[m-users.] spawn in Rosettacode

[Mark Brown]

Hi,

On Sat, Aug 30, 2014 at 4:36 PM, Robert Smart
<robert.kenneth.smart at gmail.com> wrote:
> I don't see print_cc/1.
>
> I assumed that print_cc("Rosetta\n") was a sort of partial application and
> that spawn would complete that with the !IO parameters.
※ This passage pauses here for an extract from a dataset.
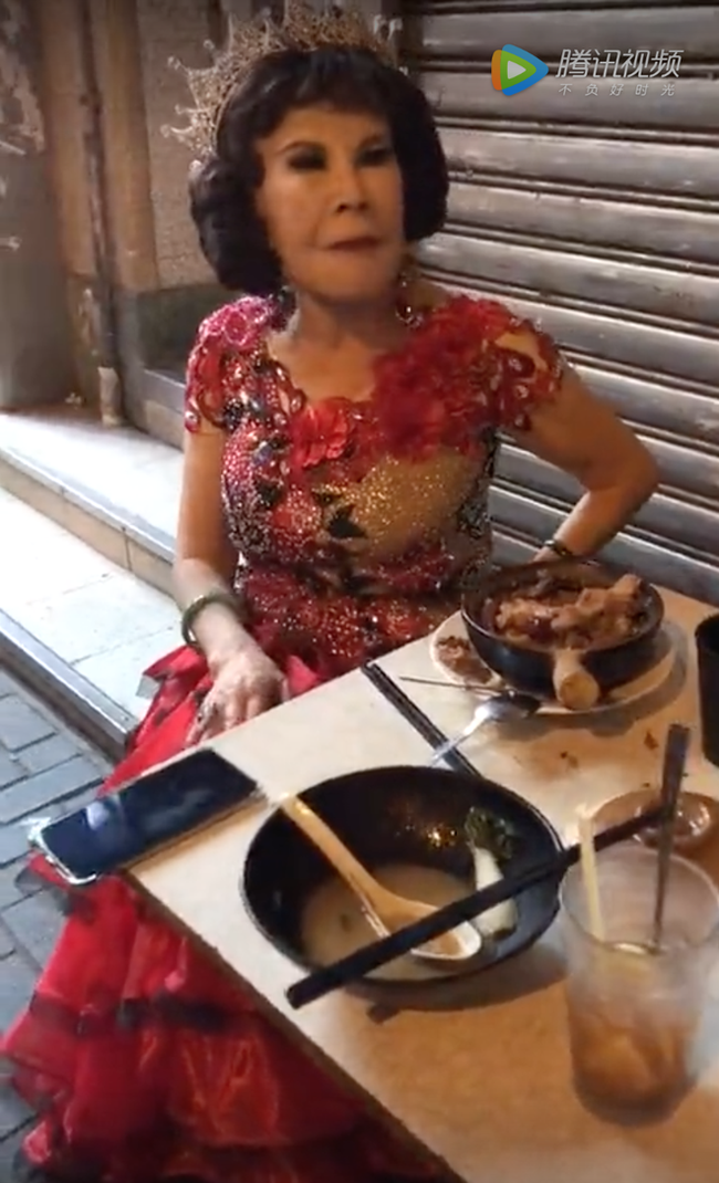 Tuy ngồi ở hàng quán đơn sơ nhưng Hoàng Hạ Huệ mặc váy dạ hội lòe loẹt và đội vương miện khiến nhiều người qua đường chú ý.

Yes, that's correct. The relationship between the I/O arguments to
thread.spawn and the I/O arguments to io.print_cc is documented above
thread.spawn:

    % spawn(Closure, IO0, IO) is true iff `IO0' denotes a list of I/O
    % transactions that is an interleaving of those performed by `Closure'
    % and those contained in `IO' - the list of transactions performed by
    % the continuation of spawn/3.
    %
:- pred spawn(pred(io, io)::in(pred(di, uo) is cc_multi),
    io::di, io::uo) is cc_multi.

I/O values can be interpreted as continuations - lists of all the
primitive I/O operations that will be performed. Consider the
following slightly simplified example, for which I've expanded out the
state variables for clarity:

    p(IO0, IO) :-
        spawn(a, IO0, IO1),
        spawn(b, IO1, IO2),
        spawn(c, IO2, IO).

Let the continuation after calling be be just a call to q, and assume
a, b, c and q are primitive operations. So we have:

    IO = [q]

Then, from the meaning of spawn, IO2 is an interleaving of [c] and
[q], for which there are two possibilities:

    IO2 is in {[c, q], [q, c]}

Likewise, IO1 is an interleaving of [b] and IO2, so there are 3! possibilities:

    IO1 is in {[b, c, q], [c, b, q], [c, q, b], [b, q, c], [q, b, c], [q, c, b]}

It should be clear that IO0 is one of the 4! possible orderings of a,
b, c and q.

Also note that the order of calls to spawn would make no difference in
this semantics.

Cheers,
Mark.